Learn R Programming

whatifbandit (version 0.3.0)

imputation_precompute: Precomputing Key Values for Outcome Imputation

Description

Pre-computes key values required for the outcome imputation step of the Multi-Arm-Bandit procedure. Calculates the probabilities of success for each treatment block (treatment arm + any blocking specified), using the grouped means of the original experimental data. When perfect_assignment is FALSE, the average date of success is calculated for each treatment block at every period.

Usage

imputation_precompute(data, whole_experiment, perfect_assignment, data_cols)

Value

A named list containing:

  • original_summary: The tibble(s)/data.table(s) containing the probability of success for each treatment block, at each period.

  • dates_summary: A tibble/data.table containing the average success date for each treatment block at each treatment period.

Arguments

data

A data.frame, data.table, or tibble containing input data from the trial. This should be the results of a traditional Randomized Controlled Trial (RCT). Any data.frames will be converted to tibbles internally.

whole_experiment

Logical; if TRUE, uses all past experimental data for imputing outcomes. If FALSE, uses only data available up to the current period. In large datasets or with a high number of periods, setting this to FALSE can be more computationally intensive, though not a significant contributor to total run time.

perfect_assignment

Logical; if TRUE, assumes perfect information for treatment assignment (i.e., all outcomes are observed regardless of the date). If FALSE, hides outcomes not yet theoretically observed, based on the dates treatments would have been assigned for each wave. This is useful when simulating batch-based assignment where treatments were assigned on a given day whether or not all the information from a prior batch was available and you have exact dates treatments were assigned.

data_cols

A named character vector containing the names of columns in data as strings:

  • id_col: Column in data; contains unique ID as a key.

  • success_col: Column in data; binary successes from the original experiment.

  • condition_col: Column in data; original treatment condition for each observation.

  • date_col: Column in data; contains original date of event/trial. Only necessary when assigning by "Date". Must be of type Date, not a character string.

  • month_col: Column in data; contains month of treatment. Only necessary when time_unit = "Month", and when periods should be determined directly by the calendar months instead of month based time periods. This column can be a string/factor variable with the month names or numeric with the month number. It can easily be created from your date_col via lubridate::month(data[[date_col]]) or format(data[[date_col]], "%m").
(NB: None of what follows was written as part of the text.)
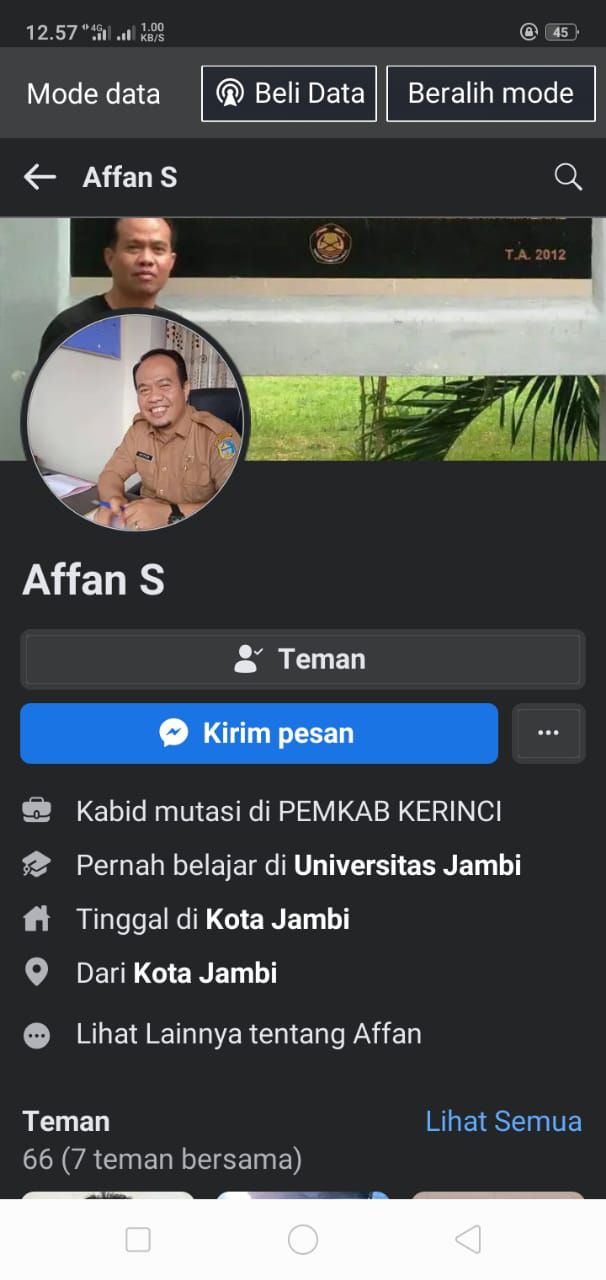 JAMBIUPDATE.CO, KERINCI- Beredar di sosial media akun palsu mengatasnamakan Affan selalu Kabid Pengadaan, Kepangkatan, Mutasi dan Pensiun (PKMP) pada BKPSDM Kerinci. Akun palsu tersebut ada di Facebook dan WhatApp dengan menggunakan foto dan nama Kabid PKMP.

  • success_date_col: Column in data; contains original dates each success occurred. Only necessary when perfect_assignment = FALSE. Must be of type Date, not a character string.

  • assignment_date_col: Column in data; contains original dates treatments were assigned to observations. Only necessary when perfect_assignment = FALSE. Used to simulate imperfect information on the part of researchers conducting an adaptive trial. Must be of type Date, not a character string.

Details

imputation_precompute() is an optimization, meant to reduce the cost of calculating these variables within the simulation loop. When whole_experiment is TRUE, original_summary is a single tibble/data.table, and used through the simulation. When whole_experiment is FALSE, original_summary is a list of tibbles/data.tables, each containing the cumulative probabilities of all periods up to the index i.

If perfect_assignment is FALSE, dates_summary is not calculated, and is NULL.

No covariates are used in the calculation, these are all simply grouped averages.